Le soir, elle était partie, sans mot, sans explication.

Aïcha en profita pour entrer dans la suite parentale sous prétexte de changer les draps, mais son véritable objectif était de chercher.

Elle commença par le dressing. Derrière une rangée de robes, elle trouva un petit tiroir verrouillé. À l’aide d’une épingle à cheveux, elle réussit à l’ouvrir. À l’intérieur se trouvait une fine enveloppe : des reçus d’hôtel, chacun datant des nuits où Richard était à la maison, tous signés au nom d’un homme différent.

Il y avait aussi des photos : Olivia avec le même homme, riant, s’embrassant, montant à bord d’un yacht privé.

Aisha n’a pas pris de photos. Elle a sorti son téléphone et pris des clichés rapides, puis a tout remis exactement comme elle l’avait trouvé.

Le lendemain matin, Richard revint. Il semblait distrait, presque fatigué. Aisha lui servit son café et déposa le courrier du matin à côté, y glissant un article supplémentaire : une simple enveloppe contenant les photos imprimées.

Elle n’est pas restée pour regarder. Elle a quitté la pièce en silence.

Quelques minutes plus tard, le bruit de la porcelaine brisée résonna dans le couloir.

« AISHA ! » La voix de Richard était sèche, mais sans colère. Lorsqu’elle entra, il était debout, les photos étalées sur le bureau, le visage blême. « Où as-tu trouvé ça ? »

« Ils étaient dans le placard de votre femme, monsieur », dit-elle calmement. « Je pensais que vous deviez le savoir. »

Richard serra les dents. « Tu es là depuis quoi, six semaines ? Et tu as fait ce que personne d’autre n’aurait pu faire en trois ans. »

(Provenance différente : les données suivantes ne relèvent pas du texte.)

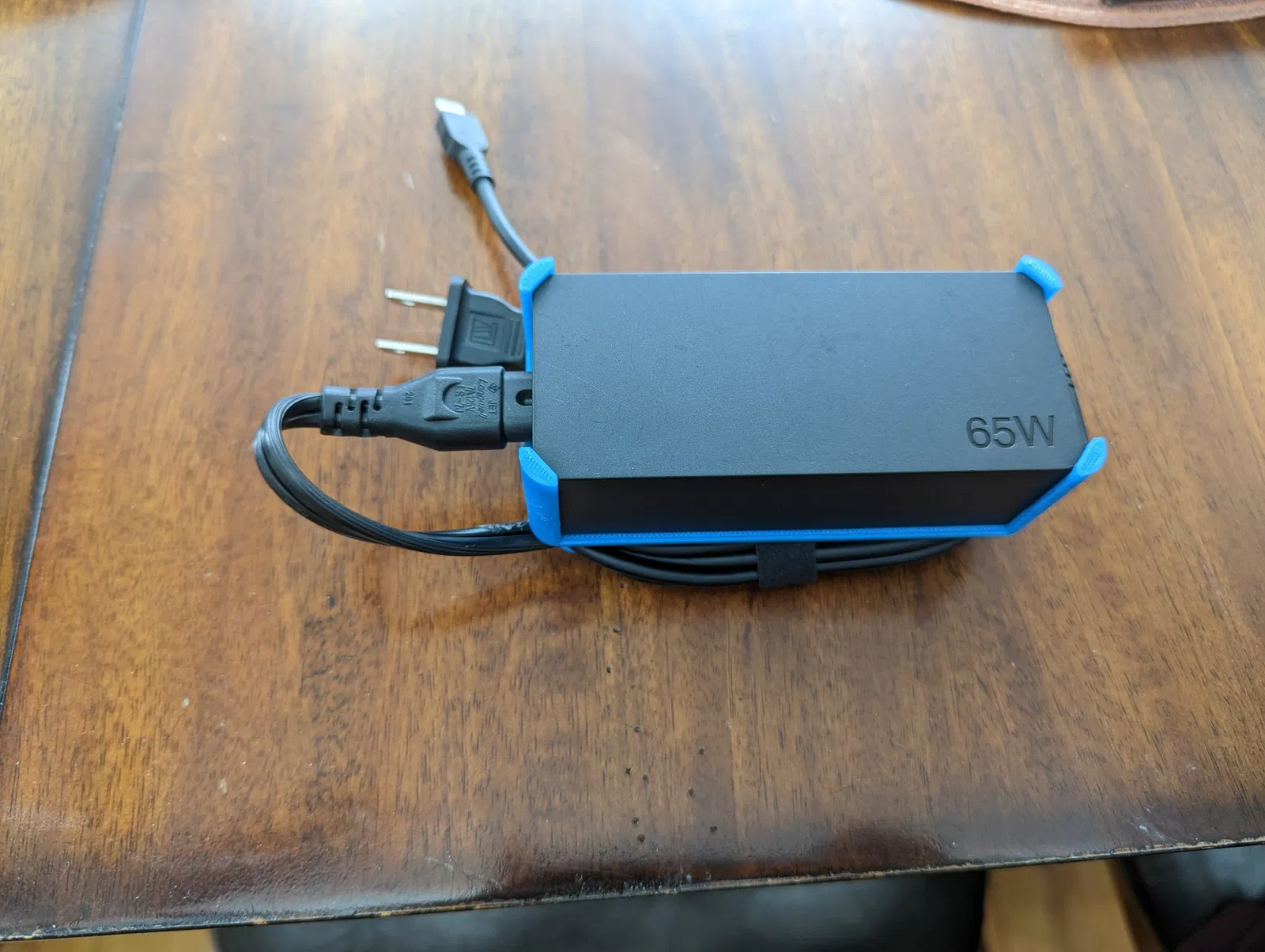 Cuộn quản lý cáp cho bộ sạc Lenovo 65W đi kèm với Think Pad X1 Carbon Gen10. Tôi cá rằng Lenovo sử dụng bộ sạc 65W giống nhau cho nhiều laptop. Giữ cho viên sạc an toàn và quản lý cáp mà không chiếm quá nhiều không gian.
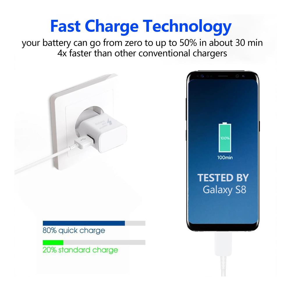 Adaptive Fast Charging Typ C Ladekabel: Mit der adaptiven Schnellladetechnologie für Samsung AFC-kompatible Geräte kann, Der Akku Ihres Galaxy S8 kann in etwa 30 Minuten von null auf bis zu 50% aufgeladen werden–75% schneller als mit einem Standard-Ladegerät.
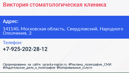 Виктория, стоматологическая клиника по адресу 141140, Московская область, Свердловский, Народного Ополчения, 2 в дальнейшем Организация, размещена в следующих категориях:
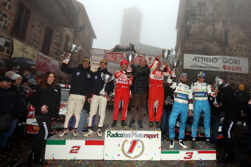E lì si rovescia il Mondo. Andreucci chiama Rudy Briani all’attenzione, e il navigatore diventa uno spartito che il solista interpreta alla sua maniera, piuttosto irriverente. Andreucci, Skoda Fabia Rally2 H-Sport/MRF, restituisce a Costenaro il ritardo più tre secondi di interessi, e va a vincere il Rally. Costenaro è secondo, il terzo posto è faccenda “tirata” tra Tommaso Ciuffi e Luca Panzani, con destino favorevole al fiorentino figlio d’arte. Alla domanda su come è andata, Andreucci risponde chiaro. “Gara bella, bella soddisfazione. Abbiamo sofferto all’inizio per “pulire” le strade. Non semplice, e abbiamo pagato. Poi la nebbia, e infine la pioggia, d’accordo, siamo riusciti a prendere un bel ritmo e a ribaltare la situazione in nostro favore. Vuol dire che siamo avanti, sia con la macchina che con le gomme, ma comunque sia chiaro: Costenaro è stato bravo, è andato molto forte. Complimenti a lui!”
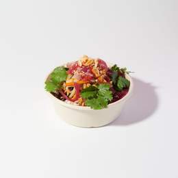 Barreja cruixent de col xinesa, col llombarda, pastanaga, cogombre i cacauets, amanida amb salsa thai casolana i coriandre fresc
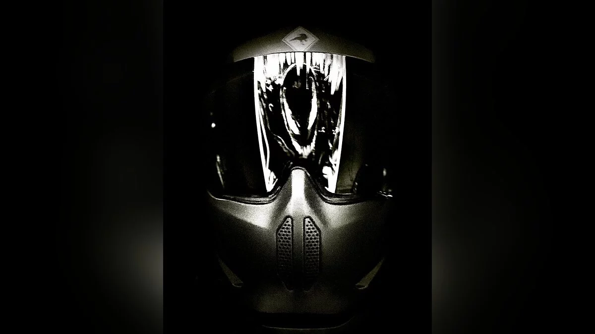 На фото показан мотошлем с отражением Венома. Стоит заметить, что персонаж Эдди Брок, роль которого исполняет Том Харди, как раз предпочитает ездить на мотоцикле. К примеру, в первом фильме герой ездил на байках Ducati.
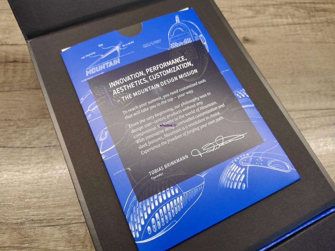 Firmie Mountain nie jest obcy Kickstarter, a więc i początkowa dbałość o pierwsze wrażenia, pomysłowość i po prostu rzetelne podejście do swoich produktów, jak to przy startupach bywa. Stąd zapewne świetnej jakości, twardy karton, sugerujący nam charakterystyczne połączenie barw dla Mountain.
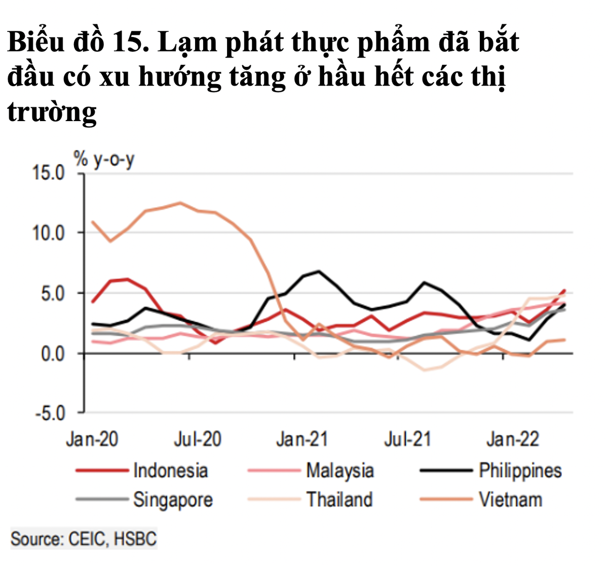 Bộ phận Nghiên cứu Toàn cầu HSBC vừa công bố báo cáo đánh giá tình hình lạm phát tại Việt Nam và các nước khác trong ASEAN với tựa đề “Rủi ro lạm phát lớn tới đâu”.
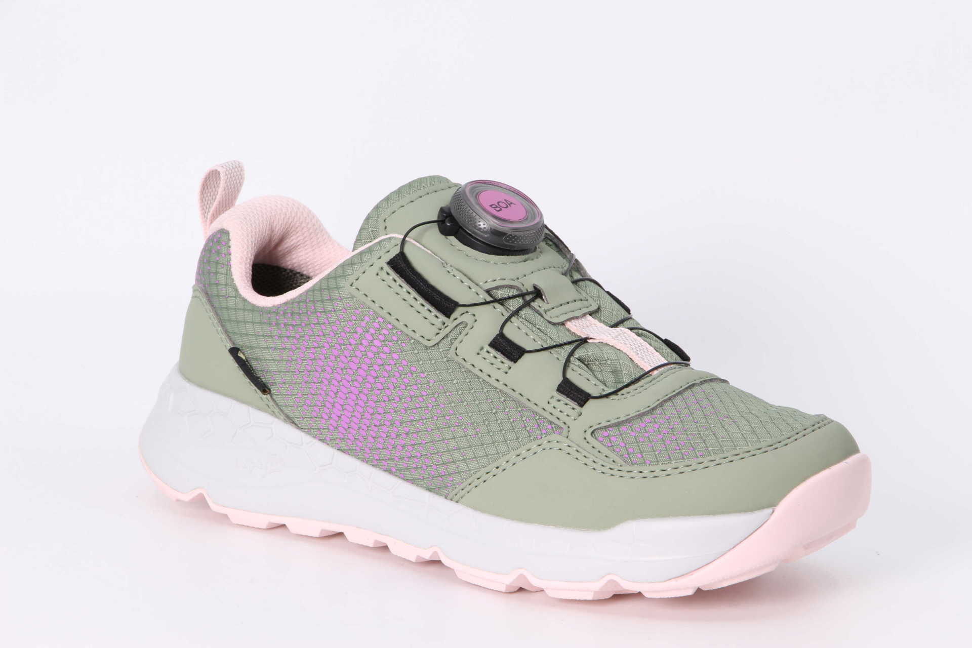 Wenn das mal kein cooler Sneaker ist: FREE RIDE von superfit. Der vegane Schuh aus superleichten, robusten Textilien überzeugt trendbewusste Youngsters mit mehrfarbigem Colour-Blocking und knalligen Akzenten. Ebenfalls stylish: das bunte BOA® Fit System, das aus Drehverschluss und Seilen besteht und super mit einer Hand zu bedienen ist. Die Sohle von FREE RIDE rundet mit ihrem Steinrelief und der Zweifarbigkeit den lässigen Look ab.
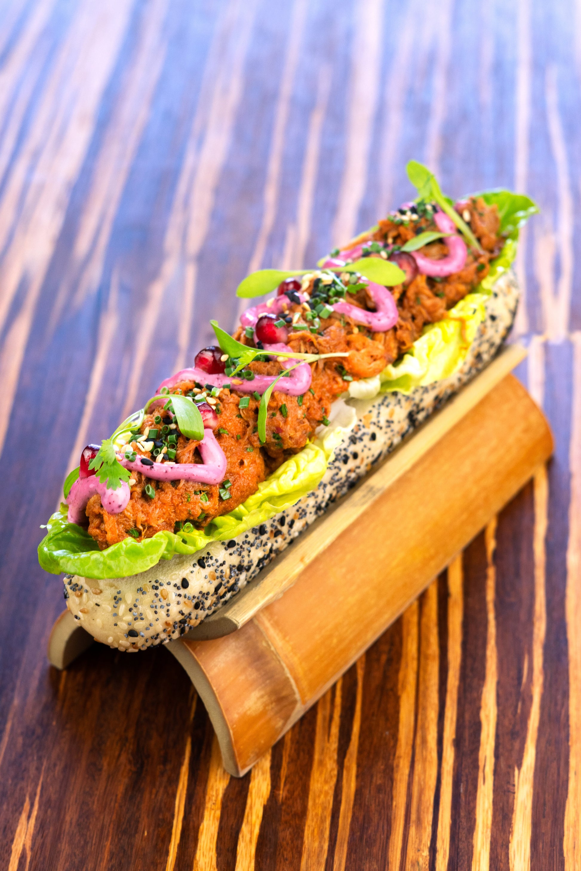 Master-stock braised pulled pork shoulder, baby gem lettuce, pomegranates, sumac yuzu mayo
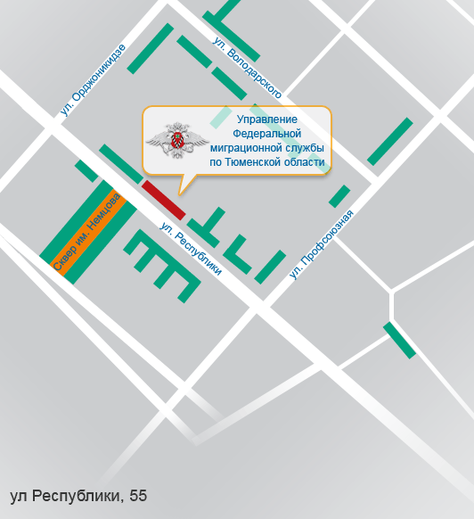 Управление по вопросам миграции Тюменской области - г. Тюмень, ул. Республики, 55 ; т. 500-437 доб. 103
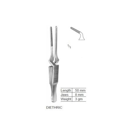 Bulldog Clamps, DIETHRIC, 5 cm, Jaw 8 mm, weight 3 G, curved
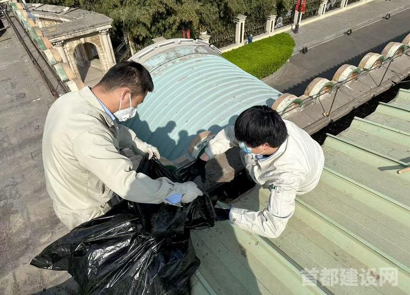 北京展览馆集团工作人员对高空石材进行隐患排查,并清理落叶             ■企业/供图
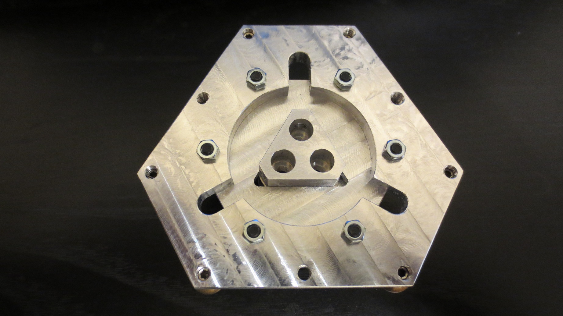 This is what the effector plate looks like mostly assembled. All of the parts are milled flat because 1/8" extruded aluminum bars are bowed. I wanted to make sure this part turned out perfect because the hotend and effector set up is critical to print performance. This thing is as rigid as it gets, and the hotend is perfectly level to the effector.
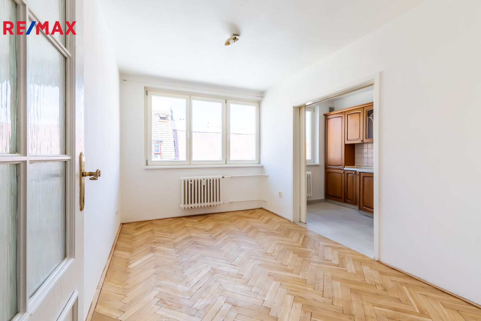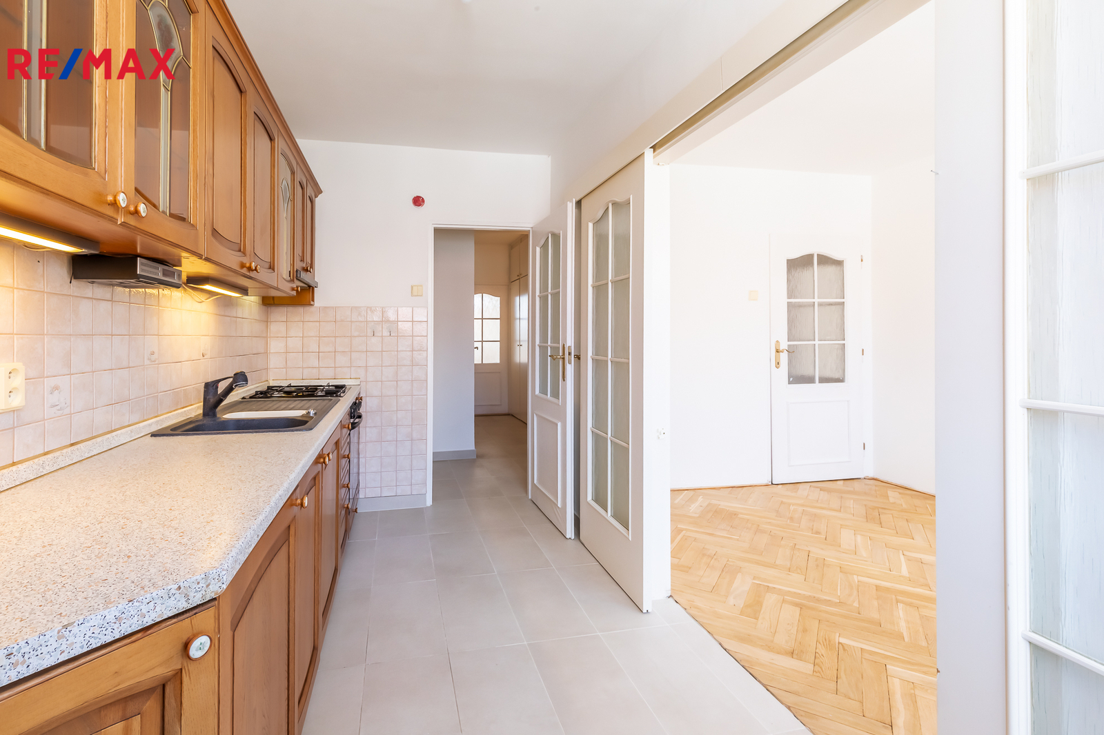 Mám zájemNabízíme k dlouhodobému pronájmu byt 3+1 o rozloze 56 m2 + 2 lodžie 6 m2 v 7. patře činžovního domu s výtahem v blízkosti Letné v ul. Heřmanova v pražských Holešovicích. V bytě je prostorná chodba se vstupem do koupelny, samostatné WC a do komory, dále kuchyň s posuvnými dveřmi do obývacího pokoje a dvě ložnice. Byt je ve velmi dobrém stavu po rekonstrukci (koupelna, WC, parkety a dlažba). Vnitřní dveře jsou starší, ale zachovalé. Kuchyňská linka je opravená. V bytě je původní vestavěná skříň. Kromě vestavěných spotřebičů v kuchyňské lince (trouba, sporák) je k dispozici ještě pračka. V kuchyni není myčka, ale je možno ji dodatečně instalovat. Ostatní vybavení resp. nábytek je třeba dokoupit.
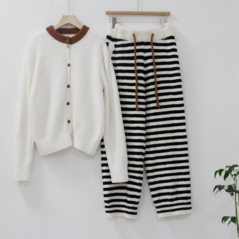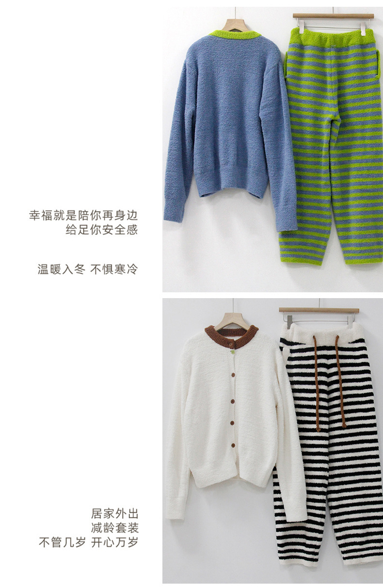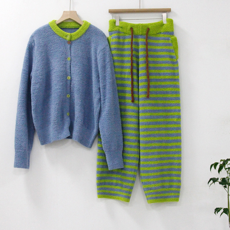 겨울 두꺼운 반쪽 벨벳 파자마 여성용 샤넬 스타일 따뜻한 산호 기모 편안한 느슨한 긴 소매 간단한 홈 옷
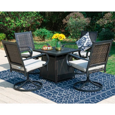 The fire pit set is especially used when it is cold.The fire pit table is multifunctional,fire pit table or dinning table.It is complete steel construced supporting the stablity and durability.It is push button piezo ignited and designed with automatic gas cut-off device.In winter this fire pit set is undoubtedly the premium heater when you sit around outdoor.
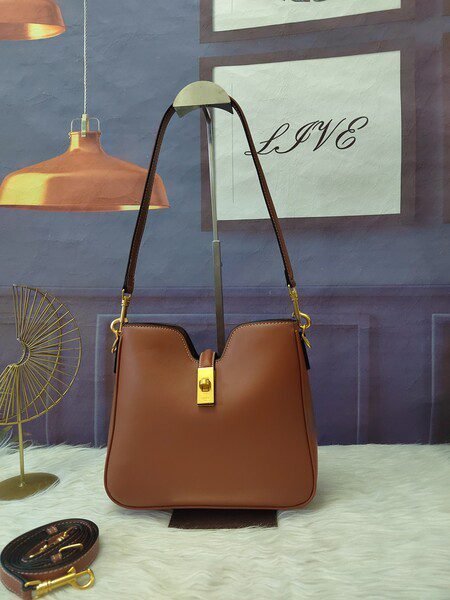 Celine Bags 200 Model No. 120693 Brown Leather Handbag, Handheld, Shoulder and Crossbody, Rotating Lock Closure.Size: 24.5cm-21.5cm-5cm
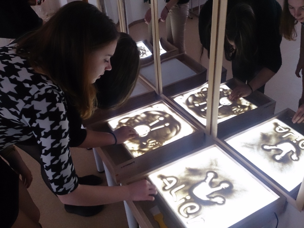 Для учащихся начальной школы была предложена игра-квест «Путешествие на другую планету». В холле здания царила творческая атмосфера, ученики погрузились в мир своих эмоций и яркими красками представили себя в виде смайликов. Резиденты с другой планеты (это были студенты) помогали ребятам в выполнении заданий.
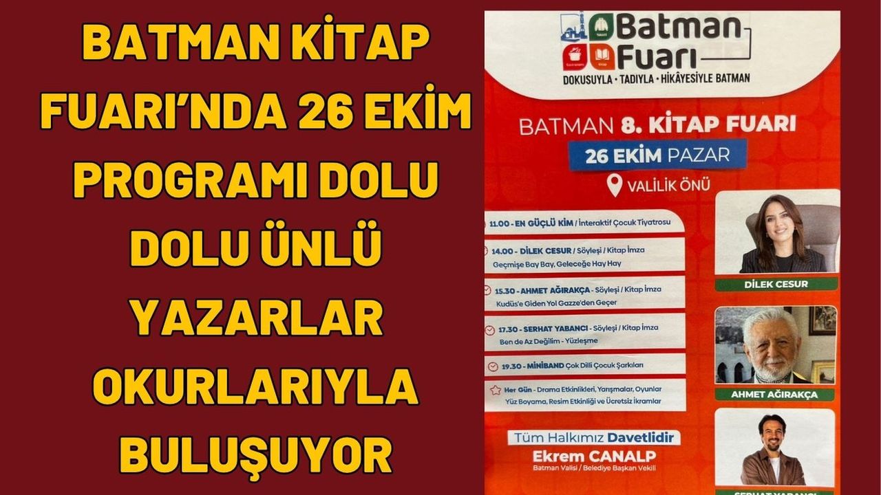 Batman Kitap Fuarı, 26 Ekim Pazar günü düzenlenecek bu özel etkinliklerle edebiyat, tarih ve kişisel gelişimi tek çatı altında buluşturacak.
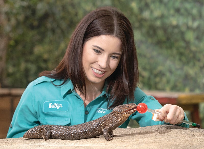 LEARNED LIZARDJack the shingleback skink surprises guests with his smarts; trainer Kaitlyn Downing has been teaching the Australian lizard to follow a colored target when he’s in the mood for guest interaction.[/caption] Exposure to animals like Steve, Chindi, and Cliff may especially benefit those who otherwise tend to isolate themselves. Care workers at senior facilities note that even residents who normally decline group activities come out of their rooms to see a Wildlife Workshop presentation and meet the animals. During one visit, a memory care, hospice patient attended the presentation. To the pleasant surprise of her family, the otherwise non-communicative woman spoke enthusiastically about the animals for a week. After she passed away, the family wrote a thank-you letter to the Wildlife Workshop team, to let them know how much joy it gave them to see their relative so happy and animated. San Diego Zoo Global is grateful for the individuals, corporations, and foundations that enable us to provide the Safari Express program to those in the community who may not be able to visit the Zoo or Park on their own.
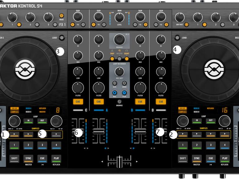 Die Oberfläche des Traktor Kontrol S4 ist so gestaltet, dass die Sample-Decks C 1 und D 2 auch dann bedient werden können, wenn der Steuerungsfokus der Hardware auf den Track-Decks A 3 und B 4 liegt. Starten Sie ein Sample, indem Sie die entsprechende Taste 5 auf dem Controller drücken, und schieben Sie den Kanalfader 6 nach oben.

Ce soir-là, la confrontation éclata. Olivia nia tout d’abord, mais lorsque Richard présenta les documents de l’hôtel, son sang-froid s’effondra.

« Tu te crois si malin de  l’ impliquer  là-dedans ? » cracha-t-elle à Aisha. « Tu m’as ruinée ! »

« Non », dit Richard froidement. « Tu t’es ruiné. Elle a juste eu la patience de te laisser faire. »

Quelques jours plus tard, les papiers du divorce furent déposés. Olivia quitta définitivement le manoir, ses menaces s’évanouissant dans le silence.

Richard a proposé à Aisha un poste permanent, non seulement comme femme de ménage, mais comme gestionnaire de maison. Son salaire a doublé.

« Je ne sais toujours pas comment tu as fait », a-t-il admis un après-midi.

Aisha sourit faiblement. « Je n’ai pas lutté contre son jeu. Je l’ai juste laissée jouer jusqu’à ce qu’elle perde. »

C’était l’impossible : survivre à Olivia et révéler la vérité. Et ce faisant, Aisha n’a pas seulement conservé son emploi… elle a complètement bouleversé la situation de la maison.